[Exercise details]
Copy all the data exactly, except the pictures.
---------- Data section ----------
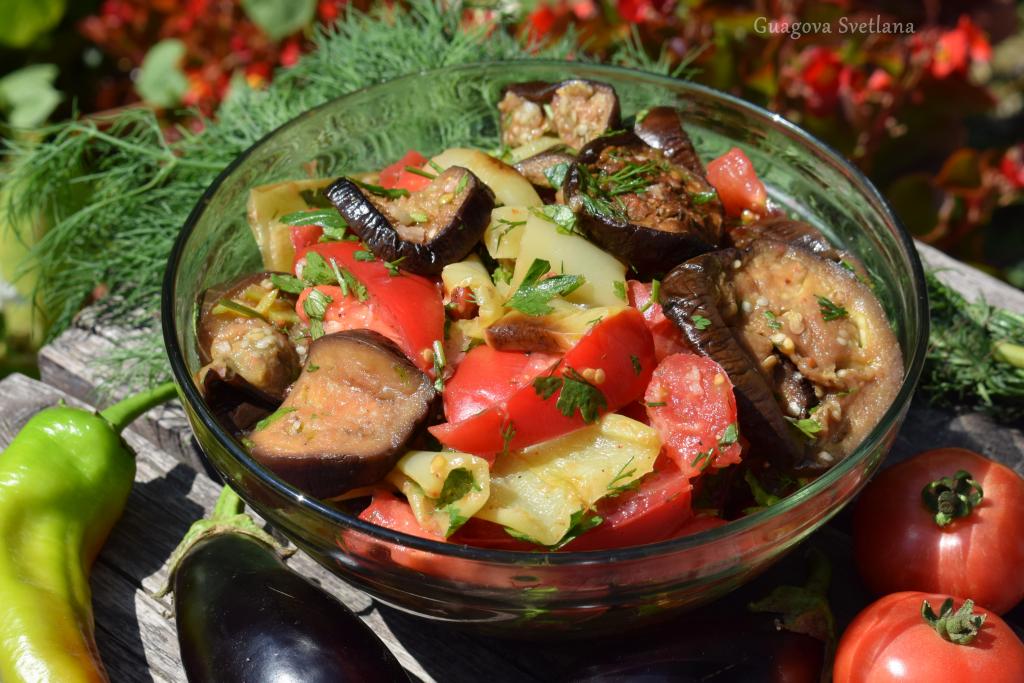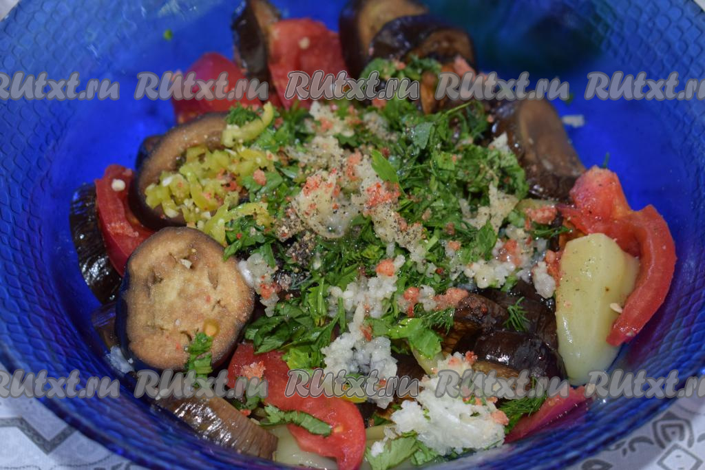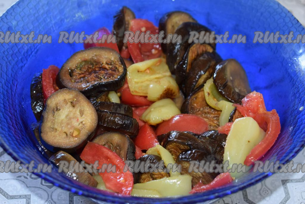 Далее к помидорам добавляем наши запечённые баклажаны и перцы.
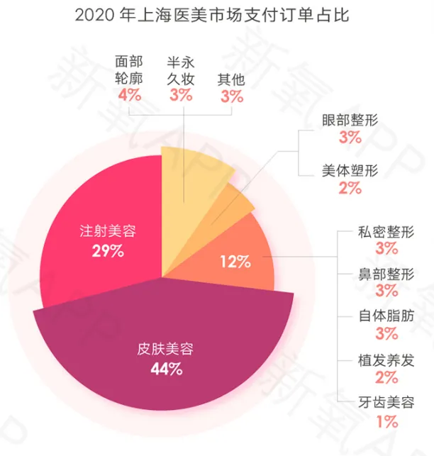 数据显示,中国的植发市场预计将在2020年底将超过200亿元,规模是四年前的四倍。随着消费升级和国人医美意识的提升,植发以及其他“头上生意”必将产生更大的市场空间,国内植发市场已处于医美行业爆发的临界点。《白皮书》指出,2019年-2020年的上海医美市场中,73%的订单来源于皮肤美容和注射美容,而植发养发则另外单独占据了2%的市场份额。
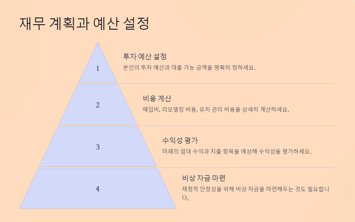 먼저 본인의 투자 예산과 대출 가능 금액을 명확히 정해야 합니다.
----------
[Problem solution]
 Далее к помидорам добавляем наши запечённые баклажаны и перцы.
 数据显示,中国的植发市场预计将在2020年底将超过200亿元,规模是四年前的四倍。随着消费升级和国人医美意识的提升,植发以及其他“头上生意”必将产生更大的市场空间,国内植发市场已处于医美行业爆发的临界点。《白皮书》指出,2019年-2020年的上海医美市场中,73%的订单来源于皮肤美容和注射美容,而植发养发则另外单独占据了2%的市场份额。
 먼저 본인의 투자 예산과 대출 가능 금액을 명확히 정해야 합니다.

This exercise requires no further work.